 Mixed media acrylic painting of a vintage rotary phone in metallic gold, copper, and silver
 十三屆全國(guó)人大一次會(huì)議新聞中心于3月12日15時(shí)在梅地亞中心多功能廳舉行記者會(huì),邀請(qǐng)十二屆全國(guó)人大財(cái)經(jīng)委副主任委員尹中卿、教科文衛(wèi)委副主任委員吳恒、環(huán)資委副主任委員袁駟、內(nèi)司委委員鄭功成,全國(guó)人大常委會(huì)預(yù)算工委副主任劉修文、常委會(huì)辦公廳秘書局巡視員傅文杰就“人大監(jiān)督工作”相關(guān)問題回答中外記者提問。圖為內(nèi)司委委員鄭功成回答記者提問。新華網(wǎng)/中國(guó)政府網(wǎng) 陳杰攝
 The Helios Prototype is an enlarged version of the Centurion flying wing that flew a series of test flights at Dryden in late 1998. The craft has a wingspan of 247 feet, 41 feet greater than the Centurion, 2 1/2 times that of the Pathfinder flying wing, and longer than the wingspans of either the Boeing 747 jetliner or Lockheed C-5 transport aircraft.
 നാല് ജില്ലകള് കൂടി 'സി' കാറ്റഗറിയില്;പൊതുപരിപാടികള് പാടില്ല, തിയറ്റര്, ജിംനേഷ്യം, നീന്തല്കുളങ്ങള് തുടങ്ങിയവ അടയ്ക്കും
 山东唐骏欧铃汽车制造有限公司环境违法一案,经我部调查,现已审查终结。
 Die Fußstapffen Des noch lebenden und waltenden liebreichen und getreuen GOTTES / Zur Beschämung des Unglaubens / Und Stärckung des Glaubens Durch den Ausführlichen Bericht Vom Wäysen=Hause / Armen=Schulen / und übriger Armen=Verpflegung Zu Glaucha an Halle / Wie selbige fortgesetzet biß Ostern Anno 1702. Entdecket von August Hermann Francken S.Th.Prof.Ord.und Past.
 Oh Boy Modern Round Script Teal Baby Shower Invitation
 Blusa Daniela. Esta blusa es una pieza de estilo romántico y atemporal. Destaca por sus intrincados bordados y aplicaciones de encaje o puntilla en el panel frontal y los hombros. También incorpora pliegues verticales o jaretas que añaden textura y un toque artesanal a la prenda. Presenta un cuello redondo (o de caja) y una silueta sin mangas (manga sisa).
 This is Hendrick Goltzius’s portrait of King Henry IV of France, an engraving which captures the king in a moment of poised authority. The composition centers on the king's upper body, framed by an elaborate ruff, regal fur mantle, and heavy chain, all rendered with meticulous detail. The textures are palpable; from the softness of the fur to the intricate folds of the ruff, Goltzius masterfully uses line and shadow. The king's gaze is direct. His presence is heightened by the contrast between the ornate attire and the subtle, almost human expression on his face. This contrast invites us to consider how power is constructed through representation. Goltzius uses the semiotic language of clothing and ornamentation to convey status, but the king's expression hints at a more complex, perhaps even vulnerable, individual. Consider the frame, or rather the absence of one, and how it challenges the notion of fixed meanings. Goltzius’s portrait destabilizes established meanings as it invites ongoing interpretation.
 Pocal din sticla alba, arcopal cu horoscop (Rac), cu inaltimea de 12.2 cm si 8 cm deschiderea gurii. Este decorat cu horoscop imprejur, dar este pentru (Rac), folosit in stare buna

● **ACTION ITEM**
Of the lines above, extract only those from the line with "山东唐骏欧铃汽车制造有限公司环境违法一案,经我部调查,现已审查终结。" to the line with "Oh Boy Modern", both included, exactly as written.

● **SOLVED EXERCISE**
 山东唐骏欧铃汽车制造有限公司环境违法一案,经我部调查,现已审查终结。
 Die Fußstapffen Des noch lebenden und waltenden liebreichen und getreuen GOTTES / Zur Beschämung des Unglaubens / Und Stärckung des Glaubens Durch den Ausführlichen Bericht Vom Wäysen=Hause / Armen=Schulen / und übriger Armen=Verpflegung Zu Glaucha an Halle / Wie selbige fortgesetzet biß Ostern Anno 1702. Entdecket von August Hermann Francken S.Th.Prof.Ord.und Past.
 Oh Boy Modern Round Script Teal Baby Shower Invitation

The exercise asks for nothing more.